### What needs to be done
Every entry below is to be copied word for word, with its pictures removed.

### Provided material
- - - - - - -
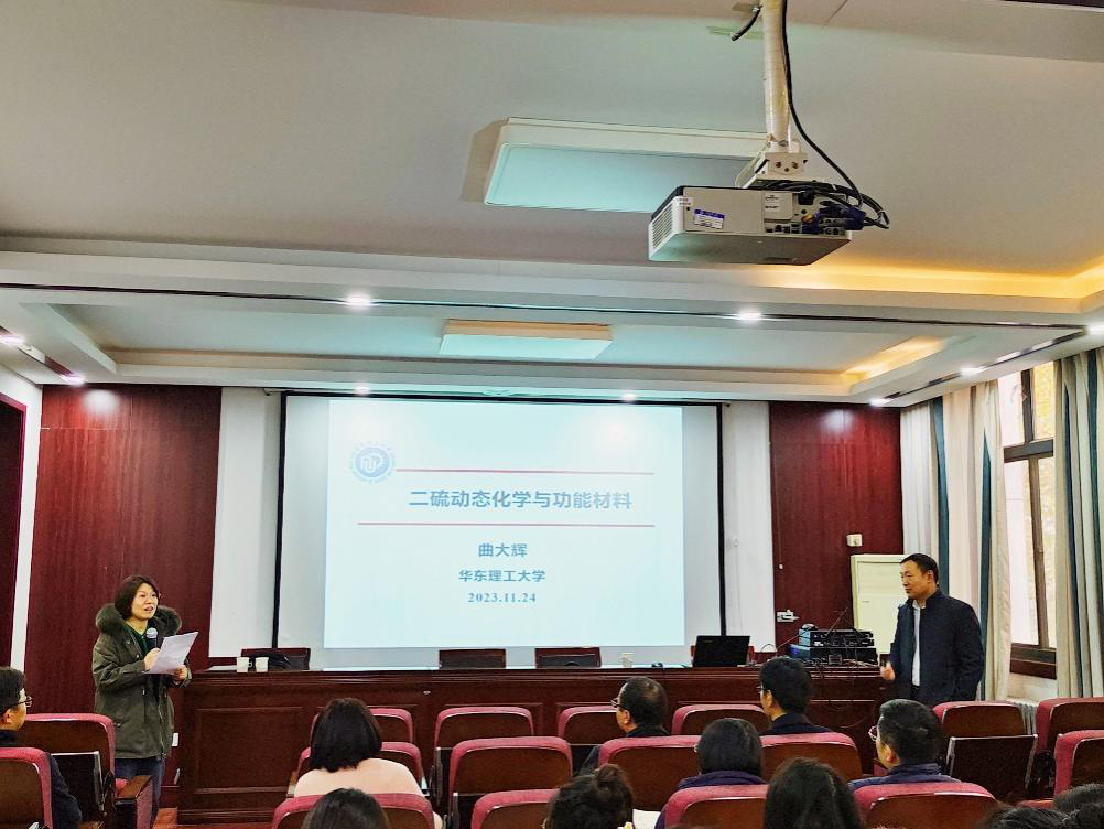 曲大辉讲述了课题组在二硫动态化学与功能材料方面的研究工作,以天然小分子硫辛酸为基础,开发了一种动态超分子聚合物的简单、高效的制备方法,聚焦动态组装材料中分子基元设计和组装策略等关键问题,利用动态共价键、非共价键等多级协同、动态组装策略,实现了动态智能组装材料的高效创制。
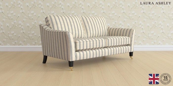6.12.1 Buy Marford by Laura Ashley 3 Seater Small Sofa Kinsham Stripe Seaspray Blue Straight Brass Castor - Black from the Next UK online shop Click here to use our accessible website
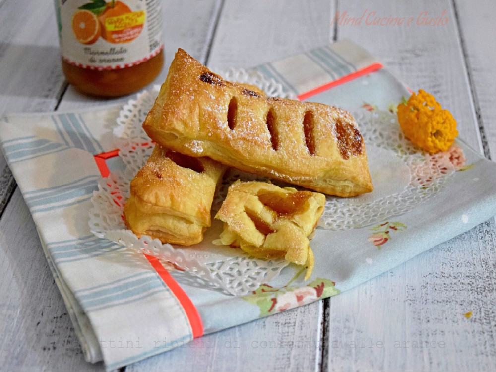 Spolverizzar con zucchero a velo e d ecco pronti i Fagottini con confettura alle arance.
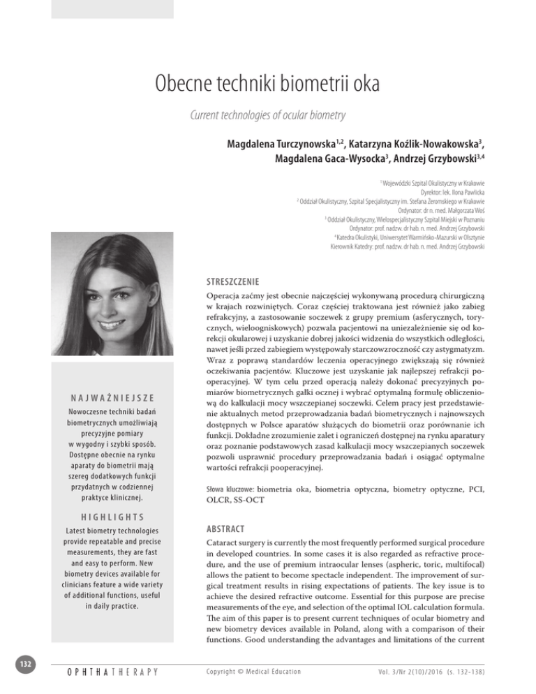 Obecne techniki biometrii oka Current technologies of ocular biometry Magdalena Turczynowska1,2, Katarzyna Koźlik-Nowakowska3, Magdalena Gaca-Wysocka3, Andrzej Grzybowski3,4 Wojewódzki Szpital Okulistyczny w Krakowie Dyrektor: lek. Ilona Pawlicka 2 Oddział Okulistyczny, Szpital Specjalistyczny im. Stefana Żeromskiego w Krakowie Ordynator: dr n. med. Małgorzata Woś 3 Oddział Okulistyczny, Wielospecjalistyczny Szpital Miejski w Poznaniu Ordynator: prof. nadzw. dr hab. n. med. Andrzej Grzybowski 4 Katedra Okulistyki, Uniwersytet Warmińsko-Mazurski w Olsztynie Kierownik Katedry: prof. nadzw. dr hab. n. med. Andrzej Grzybowski 1 Streszczenie Na jważniejsze Nowoczesne techniki badań biometrycznych umożliwiają precyzyjne pomiary w wygodny i szybki sposób. Dostępne obecnie na rynku aparaty do biometrii mają szereg dodatkowych funkcji przydatnych w codziennej praktyce klinicznej. Operacja zaćmy jest obecnie najczęściej wykonywaną procedurą chirurgiczną w krajach rozwiniętych. Coraz częściej traktowana jest również jako zabieg refrakcyjny, a zastosowanie soczewek z grupy premium (asferycznych, torycznych, wieloogniskowych) pozwala pacjentowi na uniezależnienie się od korekcji okularowej i uzyskanie dobrej jakości widzenia do wszystkich odległości, nawet jeśli przed zabiegiem występowały starczowzroczność czy astygmatyzm. Wraz z poprawą standardów leczenia operacyjnego zwiększają się również oczekiwania pacjentów. Kluczowe jest uzyskanie jak najlepszej refrakcji pooperacyjnej. W tym celu przed operacją należy dokonać precyzyjnych pomiarów biometrycznych gałki ocznej i wybrać optymalną formułę obliczeniową do kalkulacji mocy wszczepianej soczewki. Celem pracy jest przedstawienie aktualnych metod przeprowadzania badań biometrycznych i najnowszych dostępnych w Polsce aparatów służących do biometrii oraz porównanie ich funkcji. Dokładne zrozumienie zalet i ograniczeń dostępnej na rynku aparatury oraz poznanie podstawowych zasad kalkulacji mocy wszczepianych soczewek pozwoli usprawnić procedury przeprowadzania badań i osiągać optymalne wartości refrakcji pooperacyjnej. Słowa kluczowe: biometria oka, biometria optyczna, biometry optyczne, PCI, OLCR, SS-OCT Highlights Latest biometry technologies provide repeatable and precise measurements, they are fast and easy to perform. New biometry devices available for clinicians feature a wide variety of additional functions, useful in daily practice. 132 Abstract Cataract surgery is currently the most frequently performed surgical procedure in developed countries. In some cases it is also regarded as refractive procedure, and the use of premium intraocular lenses (aspheric, toric, multifocal) allows the patient to become spectacle independent. The improvement of surgical treatment results in rising expectations of patients. The key issue is to achieve the desired refractive outcome. Essential for this purpose are precise measurements of the eye, and selection of the optimal IOL calculation formula. The aim of this paper is to present current techniques of ocular biometry and new biometry devices available in Poland, along with a comparison of their functions. Good understanding the advantages and limitations of the current Co py rig ht © Medical Educatio n Vo l. 3/Nr 2(10)/2016 (s. 132-138) Obecne techniki biometrii oka M. Turczynowska, K. Koźlik-Nowakowska, M. Gaca-Wysocka, A. Grzybowski technology allows to perform measurements efficiently and to achieve highly accurate refractive outcomes. Key words: ocular biometry, optical biometry, optical biometry devices, PCI, OLCR, SS-OCT WSTĘP Od momentu wprowadzenia przez Kelmana procedury fakoemulsyfikacji zaćmy zarówno w metodzie operacyjnej, jak i w konstrukcji wszczepianych soczewek dokonał się ogromny postęp. Zastosowanie nowych technologii i opracowanie zwijalnych soczewek wewnątrzgałkowych umożliwiło wykonywanie operacji poprzez mikrocięcie, co znacznie skróciło czas rekonwalescencji po zabiegu, zmniejszyło częstość powikłań, a także pozwoliło wyeliminować problem astygmatyzmu jatrogennego związany w przeszłości ze stosowaniem szwów [1, 2]. Usunięcie zaćmy jest obecnie nie tylko procedurą leczniczą, ale również coraz częściej zabiegiem refrakcyjnym, a zastosowanie soczewek z grupy premium (asferycznych, torycznych, wieloogniskowych) pozwala pacjentowi na uniezależnienie się od korekcji okularowej i uzyskanie dobrej jakości widzenia do wszystkich odległości, nawet jeśli przed zabiegiem występowały starczowzroczność czy astygmatyzm. Wraz z poprawą standardów leczenia operacyjnego wzrosły również oczekiwania pacjentów, a kluczowe stało się uzyskanie jak najlepszej refrakcji pooperacyjnej. Dlatego też wyjątkowo istotnym etapem całej procedury jest dokładne obliczenie właściwej mocy wszczepianej soczewki wewnątrzgałkowej. W tym celu poza wyborem odpowiedniej formuły obliczeniowej należy dokonać precyzyjnych pomiarów biometrycznych. Biometria pozwala obliczyć wymiary anatomicznych struktur oka, w tym długości gałki ocznej (AL, axial length), głębokości komory przedniej (ACD, anterior chamber depth) oraz grubości soczewki (LT, lens thickness). Wartości te wraz z wynikiem pomiaru keratometrycznego są niezwykle istotne w obliczeniach mocy wszczepianej soczewki. Zmiana wartości długości gałki ocznej lub promienia krzywizny rogówki o 0,3 mm powoduje zmianę mocy wszczepu o 1 D [3]. CEL PRACY Celem pracy jest przedstawienie najnowszych dostępnych w Polsce aparatów służących do wykonywania biometrii gałki ocznej oraz porównanie ich funkcji. RODZAJE TECHNIK POMIARÓW BIOMETRYCZNYCH GAŁKI OCZNEJ Do określenia długości gałki ocznej oraz wymiarów poszczególnych jej struktur służy biometria. Badanie bio- metryczne można przeprowadzić metodą ultradźwiękową (kontaktową bądź immersyjną) lub optyczną. Do niedawna największą popularnością cieszyła się bi
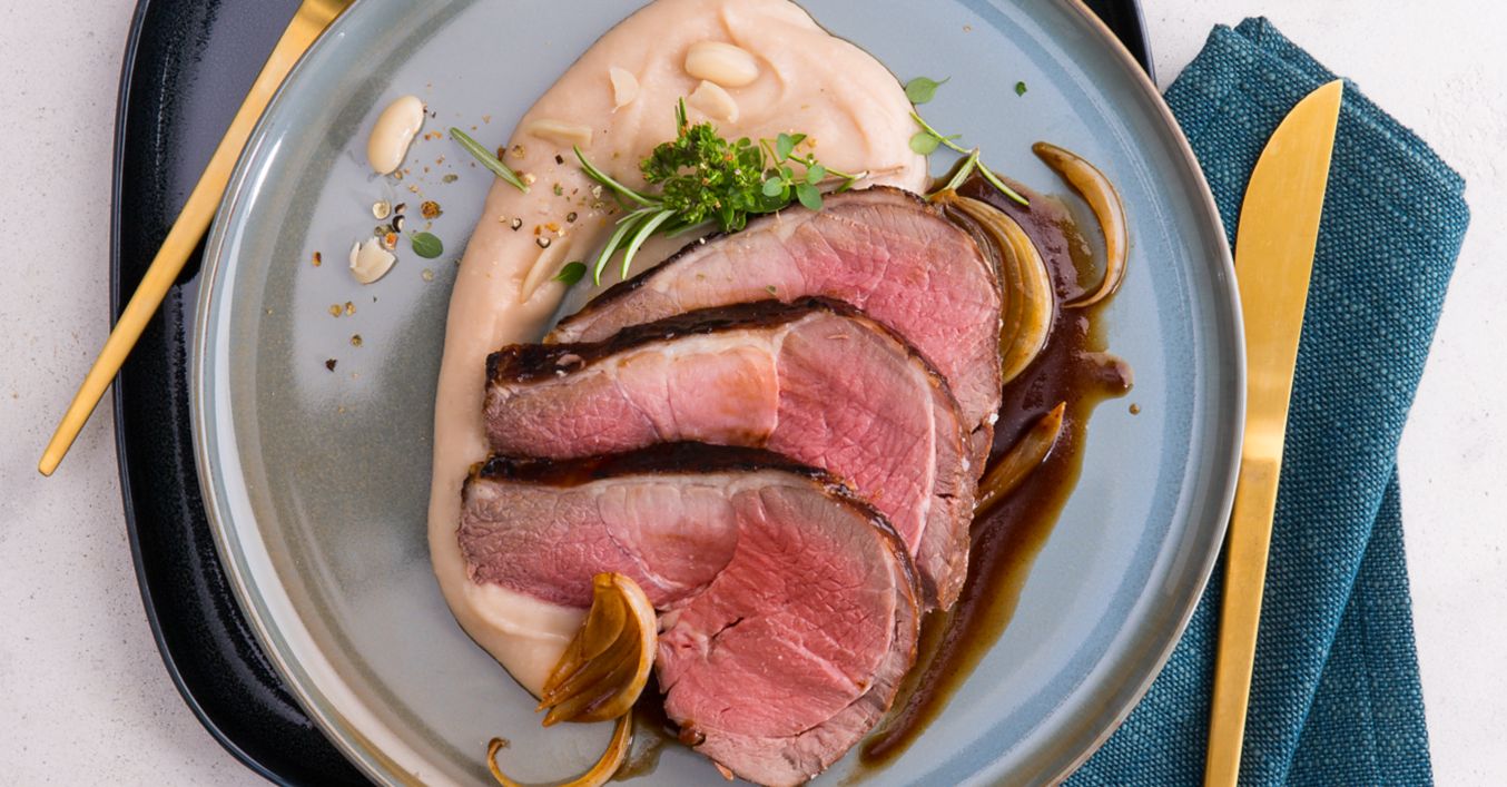 Lammkeule herausnehmen. Soße abschmecken und mit Soßenbinder andicken. Bohnenpüree nach Wunsch mit etwas Olivenöl beträufeln, mit Petersilie bestreuen und dazu servieren.
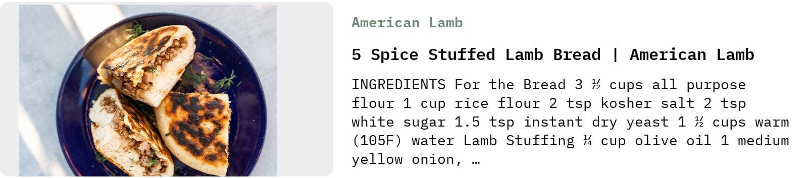My friend Jenny Dorsey created a lamb stuffed flatbread recipe for American Lamb, and—though I am not really eating much meat right now—I knew I had to share it here:
- - - - - - -
### Task result
 曲大辉讲述了课题组在二硫动态化学与功能材料方面的研究工作,以天然小分子硫辛酸为基础,开发了一种动态超分子聚合物的简单、高效的制备方法,聚焦动态组装材料中分子基元设计和组装策略等关键问题,利用动态共价键、非共价键等多级协同、动态组装策略,实现了动态智能组装材料的高效创制。
6.12.1 Buy Marford by Laura Ashley 3 Seater Small Sofa Kinsham Stripe Seaspray Blue Straight Brass Castor - Black from the Next UK online shop Click here to use our accessible website
 Spolverizzar con zucchero a velo e d ecco pronti i Fagottini con confettura alle arance.
 Obecne techniki biometrii oka Current technologies of ocular biometry Magdalena Turczynowska1,2, Katarzyna Koźlik-Nowakowska3, Magdalena Gaca-Wysocka3, Andrzej Grzybowski3,4 Wojewódzki Szpital Okulistyczny w Krakowie Dyrektor: lek. Ilona Pawlicka 2 Oddział Okulistyczny, Szpital Specjalistyczny im. Stefana Żeromskiego w Krakowie Ordynator: dr n. med. Małgorzata Woś 3 Oddział Okulistyczny, Wielospecjalistyczny Szpital Miejski w Poznaniu Ordynator: prof. nadzw. dr hab. n. med. Andrzej Grzybowski 4 Katedra Okulistyki, Uniwersytet Warmińsko-Mazurski w Olsztynie Kierownik Katedry: prof. nadzw. dr hab. n. med. Andrzej Grzybowski 1 Streszczenie Na jważniejsze Nowoczesne techniki badań biometrycznych umożliwiają precyzyjne pomiary w wygodny i szybki sposób. Dostępne obecnie na rynku aparaty do biometrii mają szereg dodatkowych funkcji przydatnych w codziennej praktyce klinicznej. Operacja zaćmy jest obecnie najczęściej wykonywaną procedurą chirurgiczną w krajach rozwiniętych. Coraz częściej traktowana jest również jako zabieg refrakcyjny, a zastosowanie soczewek z grupy premium (asferycznych, torycznych, wieloogniskowych) pozwala pacjentowi na uniezależnienie się od korekcji okularowej i uzyskanie dobrej jakości widzenia do wszystkich odległości, nawet jeśli przed zabiegiem występowały starczowzroczność czy astygmatyzm. Wraz z poprawą standardów leczenia operacyjnego zwiększają się również oczekiwania pacjentów. Kluczowe jest uzyskanie jak najlepszej refrakcji pooperacyjnej. W tym celu przed operacją należy dokonać precyzyjnych pomiarów biometrycznych gałki ocznej i wybrać optymalną formułę obliczeniową do kalkulacji mocy wszczepianej soczewki. Celem pracy jest przedstawienie aktualnych metod przeprowadzania badań biometrycznych i najnowszych dostępnych w Polsce aparatów służących do biometrii oraz porównanie ich funkcji. Dokładne zrozumienie zalet i ograniczeń dostępnej na rynku aparatury oraz poznanie podstawowych zasad kalkulacji mocy wszczepianych soczewek pozwoli usprawnić procedury przeprowadzania badań i osiągać optymalne wartości refrakcji pooperacyjnej. Słowa kluczowe: biometria oka, biometria optyczna, biometry optyczne, PCI, OLCR, SS-OCT Highlights Latest biometry technologies provide repeatable and precise measurements, they are fast and easy to perform. New biometry devices available for clinicians feature a wide variety of additional functions, useful in daily practice. 132 Abstract Cataract surgery is currently the most frequently performed surgical procedure in developed countries. In some cases it is also regarded as refractive procedure, and the use of premium intraocular lenses (aspheric, toric, multifocal) allows the patient to become spectacle independent. The improvement of surgical treatment results in rising expectations of patients. The key issue is to achieve the desired refractive outcome. Essential for this purpose are precise measurements of the eye, and selection of the optimal IOL calculation formula. The aim of this paper is to present current techniques of ocular biometry and new biometry devices available in Poland, along with a comparison of their functions. Good understanding the advantages and limitations of the current Co py rig ht © Medical Educatio n Vo l. 3/Nr 2(10)/2016 (s. 132-138) Obecne techniki biometrii oka M. Turczynowska, K. Koźlik-Nowakowska, M. Gaca-Wysocka, A. Grzybowski technology allows to perform measurements efficiently and to achieve highly accurate refractive outcomes. Key words: ocular biometry, optical biometry, optical biometry devices, PCI, OLCR, SS-OCT WSTĘP Od momentu wprowadzenia przez Kelmana procedury fakoemulsyfikacji zaćmy zarówno w metodzie operacyjnej, jak i w konstrukcji wszczepianych soczewek dokonał się ogromny postęp. Zastosowanie nowych technologii i opracowanie zwijalnych soczewek wewnątrzgałkowych umożliwiło wykonywanie operacji poprzez mikrocięcie, co znacznie skróciło czas rekonwalescencji po zabiegu, zmniejszyło częstość powikłań, a także pozwoliło wyeliminować problem astygmatyzmu jatrogennego związany w przeszłości ze stosowaniem szwów [1, 2]. Usunięcie zaćmy jest obecnie nie tylko procedurą leczniczą, ale również coraz częściej zabiegiem refrakcyjnym, a zastosowanie soczewek z grupy premium (asferycznych, torycznych, wieloogniskowych) pozwala pacjentowi na uniezależnienie się od korekcji okularowej i uzyskanie dobrej jakości widzenia do wszystkich odległości, nawet jeśli przed zabiegiem występowały starczowzroczność czy astygmatyzm. Wraz z poprawą standardów leczenia operacyjnego wzrosły również oczekiwania pacjentów, a kluczowe stało się uzyskanie jak najlepszej refrakcji pooperacyjnej. Dlatego też wyjątkowo istotnym etapem całej procedury jest dokładne obliczenie właściwej mocy wszczepianej soczewki wewnątrzgałkowej. W tym celu poza wyborem odpowiedniej formuły obliczeniowej należy dokonać precyzyjnych pomiarów biometrycznych. Biometria pozwala obliczyć wymiary anatomicznych struktur oka, w tym długości gałki ocznej (AL, axial length), głębokości komory przedniej (ACD, anterior chamber depth) oraz grubości soczewki (LT, lens thickness). Wartości te wraz z wynikiem pomiaru keratometrycznego są niezwykle istotne w obliczeniach mocy wszczepianej soczewki. Zmiana wartości długości gałki ocznej lub promienia krzywizny rogówki o 0,3 mm powoduje zmianę mocy wszczepu o 1 D [3]. CEL PRACY Celem pracy jest przedstawienie najnowszych dostępnych w Polsce aparatów służących do wykonywania biometrii gałki ocznej oraz porównanie ich funkcji. RODZAJE TECHNIK POMIARÓW BIOMETRYCZNYCH GAŁKI OCZNEJ Do określenia długości gałki ocznej oraz wymiarów poszczególnych jej struktur służy biometria. Badanie bio- metryczne można przeprowadzić metodą ultradźwiękową (kontaktową bądź immersyjną) lub optyczną. Do niedawna największą popularnością cieszyła się bi
 Lammkeule herausnehmen. Soße abschmecken und mit Soßenbinder andicken. Bohnenpüree nach Wunsch mit etwas Olivenöl beträufeln, mit Petersilie bestreuen und dazu servieren.
My friend Jenny Dorsey created a lamb stuffed flatbread recipe for American Lamb, and—though I am not really eating much meat right now—I knew I had to share it here:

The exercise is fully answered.